Linear functions are the simplest type of functions, and they create straight lines when graphed on a coordinate plane. A general form for a linear function is \( f(x) = mx + b \), where \( m \) is the slope, and \( b \) is the y-intercept. The slope \( m \) represents how steep the line is, and the y-intercept \( b \) is the point where the line crosses the y-axis.

In the function \( f(x) = 2x + 1 \), the slope is 2, which means for every unit increase in \( x \), \( f(x) \) increases by 2 units. The y-intercept is 1, so the line crosses the y-axis at the point (0,1). In practical terms, linear functions describe relationships involving constant rates of change, such as speed or rate of pay.

When we substitute \( t-1 \) for \( x \) in this function, we perform algebraic operations to find \( f(t-1) \), illustrating how changes in inputs affect outputs in a straightforward manner.

Quadratic functions are a step more complex than linear ones. They are shaped like a parabola on a graph, which can open upwards or downwards. The general form of a quadratic function is \( g(x) = ax^2 + bx + c \). Here, \( a \), \( b \), and \( c \) are constants, with \( a eq 0 \).

The quadratic function given, \( g(x) = x^2 - 2 \), lacks the linear \( bx \) term, simplifying our task. This parabola opens upward because the coefficient of \( x^2 \) is positive (1 in this case). The "-2" indicates a downward shift of the entire curve by 2 units.

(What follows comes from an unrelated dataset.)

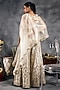 Featuring an ivory cape in organza base. It is paired with shimmer raw silk sharara pants having mirror work, including a blouse. Accentuate it with statement earrings, a clutch and block heels for weddings or sangeet ceremonies.
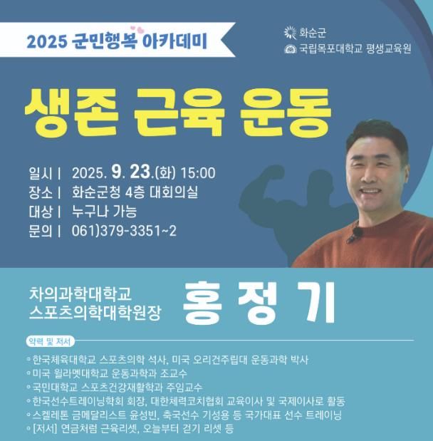 이번 강연에서는 단순한 운동법을 넘어 삶을 지탱하고 건강을 지키는 핵심 ‘생존 근육’의 중요성을 군민들에게 알리고, 누구나 쉽게 실천할 수 있는 운동 방법을 제시한다.

Substituting \( t-1 \) for \( x \) helps us to evaluate the steeper curves that quadratic functions provide. Calculating \( g(t-1) \) requires expanding and simplifying, which showcases the quadratic relationship where the output isn't constant, but rather changes at an increasing rate as \( x \) changes.

Composite functions involve combining two functions to form a new one. When adding functions, as in the problem, we're combining linear and quadratic functions to see how their interactions affect the result.

In our example, we evaluated and then added \( f(t-1) \) and \( g(t-1) \), which involved processing the outputs from each separate function and uniting them into a single expression. This process allows us to understand how different mathematical models (like linear and quadratic) can combine, resulting in richer, more complex behaviors.

Evaluating \( (f+g)(t-1) \) by substituting and simplifying gave us \( t^2 \). This result illustrates simplification through combining, where terms cancel out to leave a new function type springing from two different origins, specifically highlighting the ease with which mathematical operations on functions can reduce apparent complexity.